Flawed because Twig is not context aware (in this case, an unquoted HTML attribute), e.g. $url = '/ onerror=alert(1)'

$sql = 'SELECT 1 FROM user WHERE id=' . $mysqli->escape_string($id);

Flawed because the value has not been quoted, e.g. $id = 'id', or '1 OR 1=1'

$sql = 'SELECT 1 FROM user WHERE id="' . $mysqli->escape_string($id) . '"';

Flawed if 'sql_mode' includes NO_BACKSLASH_ESCAPES, e.g. $id = '2“ or “1”=“1'

$sql = 'INSERT INTO user (name) VALUES ("' . $mysqli->escape_string($name) . '")';

Flawed if 'SET NAMES latin1' has been used, and escape_string() uses 'utf8'.

$parameters = "-f$email";
 
// $parameters = '-f' . escapeshellarg($email);
 
mail('a@example.com', 'Subject', 'Message', NULL, $parameters);

Flawed because it's not possible to safely escape values in $additional_parameters for mail(), e.g. $email = 'b@example.com -X/www/example.php'

Previous Solutions

Taint extension by Xinchen Hui, but this approach explicitly allows escaping, which doesn't address the issues listed above.
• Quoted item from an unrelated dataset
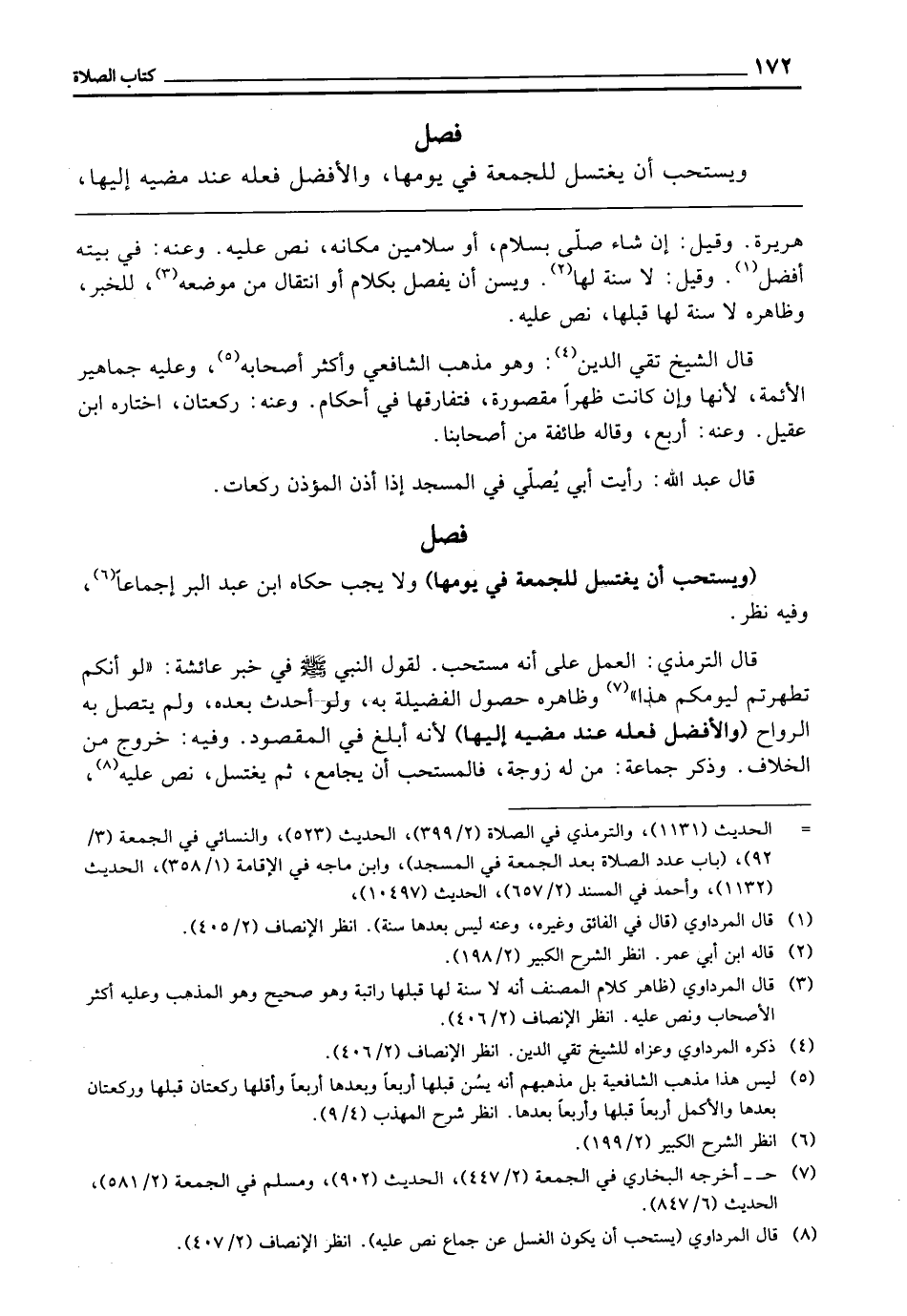 فَصْلٌ وَيُسْتَحَبُّ أَنْ يَغْتَسِلَ لِلْجُمُعَةِ فِي يَوْمِهَا، وَلَا يَجِبُ، حَكَاهُ ابْنُ عَبْدِ الْبَرِّ إِجْمَاعًا، وَفِيهِ نَظَرٌ، قَالَ التِّرْمِذِيُّ: الْعَمَلُ عَلَى أَنَّهُ مُسْتَحَبٌّ؛ لِقَوْلِ النَّبِيِّ ـ - صَلَّى اللَّهُ عَلَيْهِ وَسَلَّمَ - ـ فِي خَبَرِ عَائِشَةَ: «لَوْ أَنَّكُمْ تَطَهَّرْتُمْ لِيَوْمِكُمْ هَذَا» وَظَاهِرُهُ حُصُولُ الْفَضِيلَةِ بِهِ، وَلَوْ أَحْدَثَ بَعْدَهُ، وَلَمْ يَتَّصِلْ بِهِ الرَّوَاحُ (وَالْأَفْضَلُ فِعْلُهُ عِنْدَ مُضِيِّهِ إِلَيْهَا) لِأَنَّهُ أَبْلَغُ فِي الْمَقْصُودِ، وَفِيهِ خُرُوجٌ مِنَ الْخِلَافِ، وَذَكَرَ جَمَاعَةٌ: مَنْ لَهُ زَوْجَةٌ، فَالْمُسْتَحَبُّ أَنْ يُجَامِعَ ثُمَّ يَغْتَسِلَ، نَصَّ عَلَيْهِ،

Automatic SQL Injection Protection by Matt Tait, where it was noted:

  • “unfiltered input can affect way more than only SQL” (Pierre Joye);
  • this amount of work isn't ideal for “just for one use case” (Julien Pauli);
  • It would have effected every SQL function, such as mysqli_query(), $pdo->query(), odbc_exec(), etc (concerns raised by Lester Caine and Anthony Ferrara);
  • Each of those functions would need a bypass for cases where unsafe SQL was intentionally being used (e.g. phpMyAdmin taking SQL from POST data) because some applications intentionally “pass raw, user submitted, SQL” (Ronald Chmara 1/2).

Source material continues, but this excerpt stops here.